Комната смеха
Шрифт:
– Подожди… Не надо так, не торопись… Как можешь ты говорить такое мне сейчас, после того, как мы с тобой только что предали ее? И неужели тебе действительно безразлично было, жива она или нет? Ведь перед тем, как поехать на опознание, мы не знали точно, что это она, и я даже осмелилась предположить, что она жива! Да, я так и подумала! И только после того, как я увидела ее там, на столе, я поняла, что Эмма мертва. И что это факт, который невозможно оспорить. Но кто же тогда был в вашей машине? Что это за женщина? Кто отправлял тебе посылки? Кто привез тело твоей жены и оставил в твоем доме? У тебя есть враги? Есть? Кто? И откуда у тебя деньги?
– Я заработал их, что в этом удивительного? У меня же мебельный магазин!
– Но
– Но ты же видела деньги, видела?
– Видела.
– Их много. И половина из них будет принадлежать тебе, если ты станешь моей женой, если останешься со мной и разделишь мою беду. Мы должны, должны держаться вместе.
Он поднял ей юбку и зарылся лицом в складки грубой шерстяной материи…

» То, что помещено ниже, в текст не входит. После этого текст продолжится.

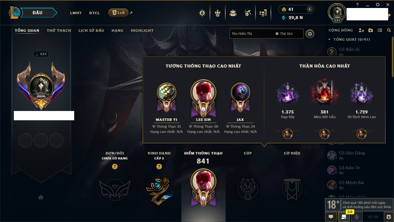 Rank Đơn: Chưa RankKhung: Chưa có khungTướng: 157 - Còn 6783 THXTrang Phục: 50Rank ĐTCL: Chưa RankLinh Thú: 37
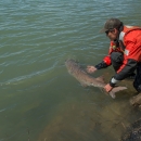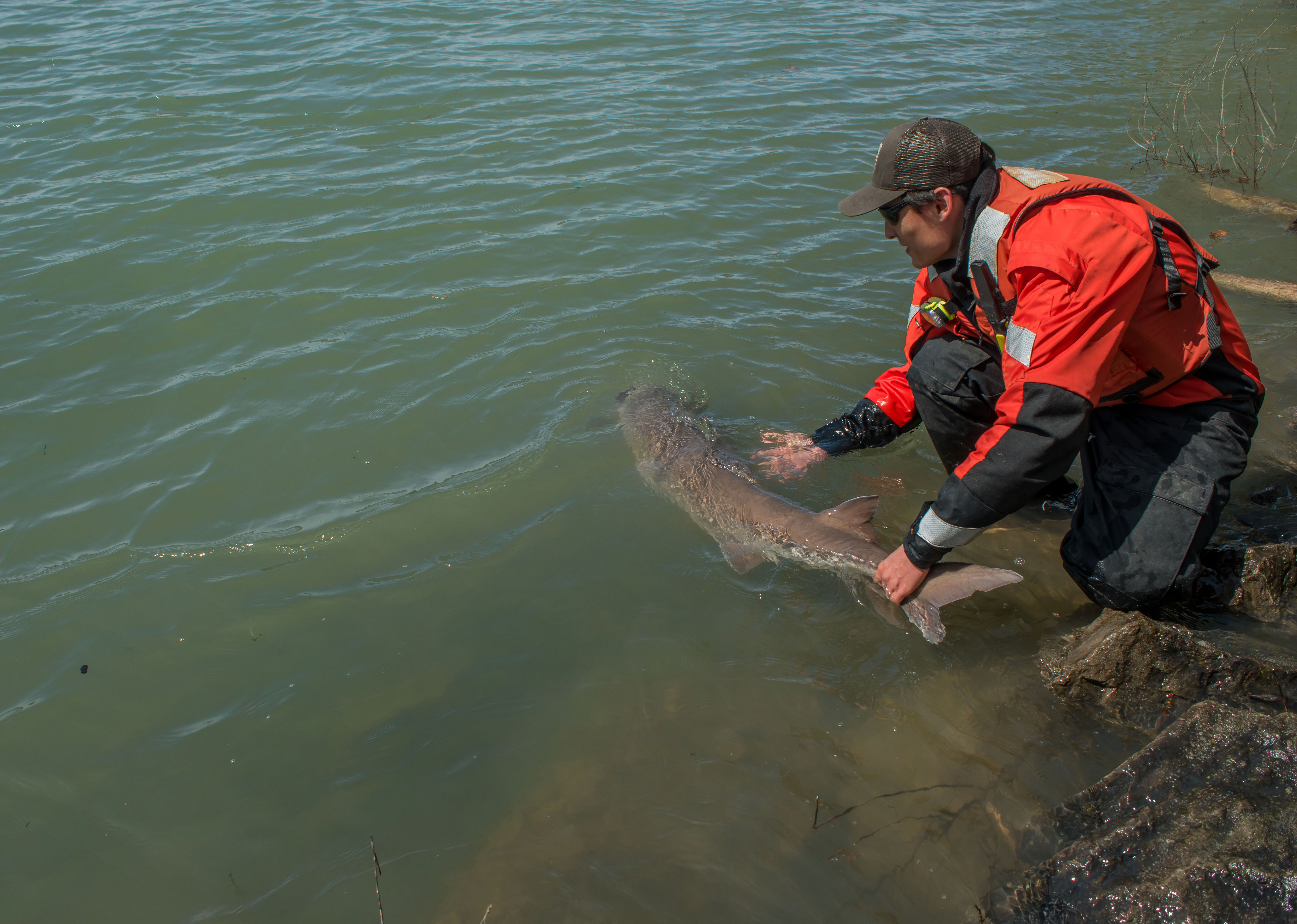 U.S. Fish and Wildlife Service fisheries crews releasing lake sturgeon
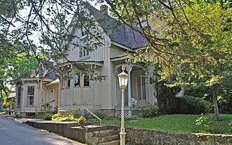 William Harmon House is a historic home located at Lima in Livingston County, New York. It was built about 1851 and is a 1+12-story Gothic Revival style board-and-batten cottage in a cruciform plan. The exterior and interior features rich Gothic ornamentation.[2]
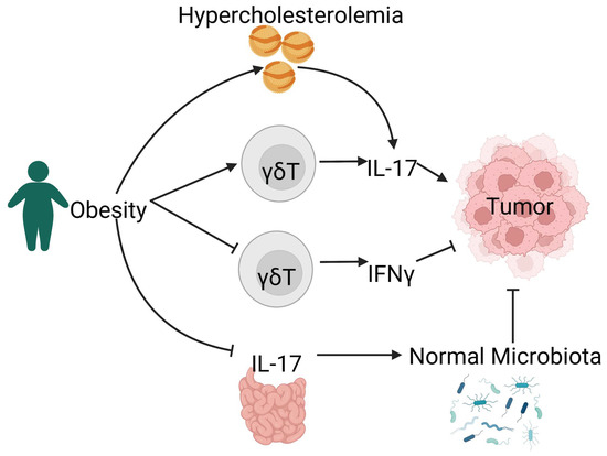 Recent studies on IL-17 have started to link its function with both metabolic disorders and cancer. IL-17 may promote tumor development following disrupted metabolism in one of the following three ways: (1) obesity enhances tumor development by promoting IL-17 production from γδ T cells within the tumor environment. At the same time, the production of anti-tumor IFN-γ by γδ T cells is reduced; (2) hypercholesteremia induces higher levels of IL-17 in the serum and promotes tumor growth; (3) obesity disrupts IL-17-mediated regulation on intestinal microbiota, which results in glucose intolerance and insulin resistance, which are also linked to increased risk in cancer development.
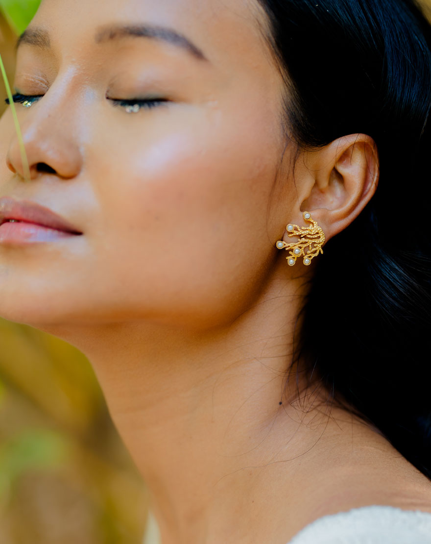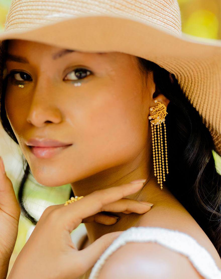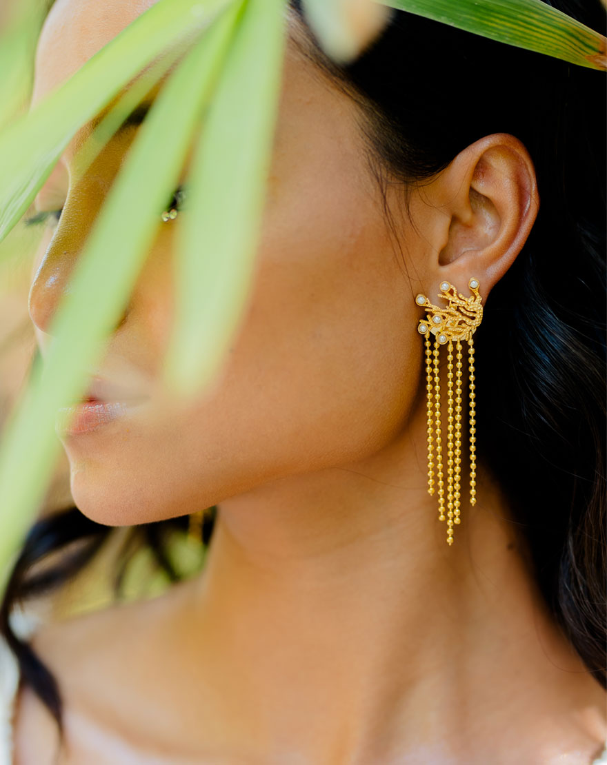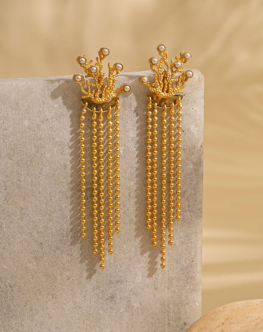 These versatile Gold Reef Tassels are detachable and can be worn in 3 ways. You can remove the tassel part and wear just the studs and if you feel to add a little drama lo your look then you can add the tassels and make a statement. These earrings are handcrafted using 18k gold plated brass with pearl detailing.
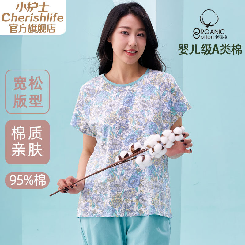 短袖 宽松加大码 睡衣上衣可外穿 A类棉薄款 小护士家居服上衣女夏季
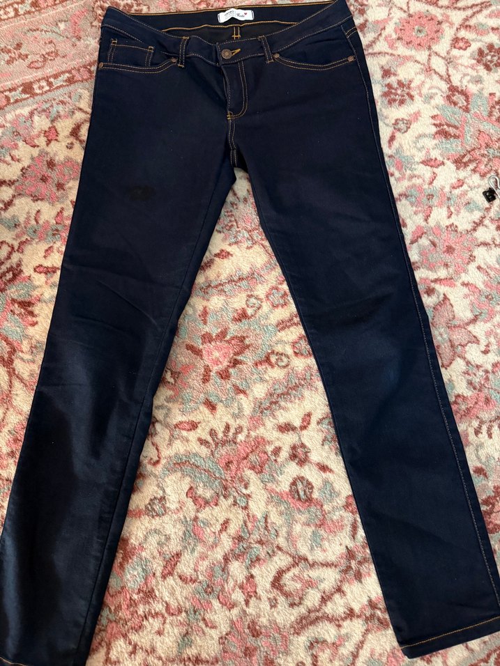 Lacivert renkte, normal boy ve regular fit kesime sahip kadın jean pantolon. Fermuarlı detay ve hafif batik desen içerir, günlük kullanıma uygundur.

Анна легла и закрыла глаза. Она вдруг поняла, что сейчас происходит с ними обоими. Запершись в квартире и отгородившись от всего мира, они вступили в опасную и очень сложную игру, с закрытыми глазами решив предаться запретному удовольствию: Алексей после недолгих и сумбурных ласк вошел в нее как в Эмму, она же приняла телом горячую плоть Вадима Гарманова. Хотя на самом деле похоть пожирала зятя и свояченицу. Уже стемнело, в комнате все стало синим и черным, и на диване, среди разбросанных газет, журналов и подушек содрогались в глубоком и болезненном оргазме мужчина и женщина. Она знала, что никогда не посмеет упрекнуть его в том, что он солгал ей, сказав, будто давно испытывал к ней определенные чувства. Он же, в этом она была уверена, догадывался, что так страстно она отдавалась тоже не ему, а своему последнему любовнику, который ей представлялся в эти минуты. Но им было хорошо вдвоем, лучше, чем поодиночке. И только за это они оба готовы были заплатить по самому большому счету. И цена этому бурному, временному и короткому счастью была – ложь.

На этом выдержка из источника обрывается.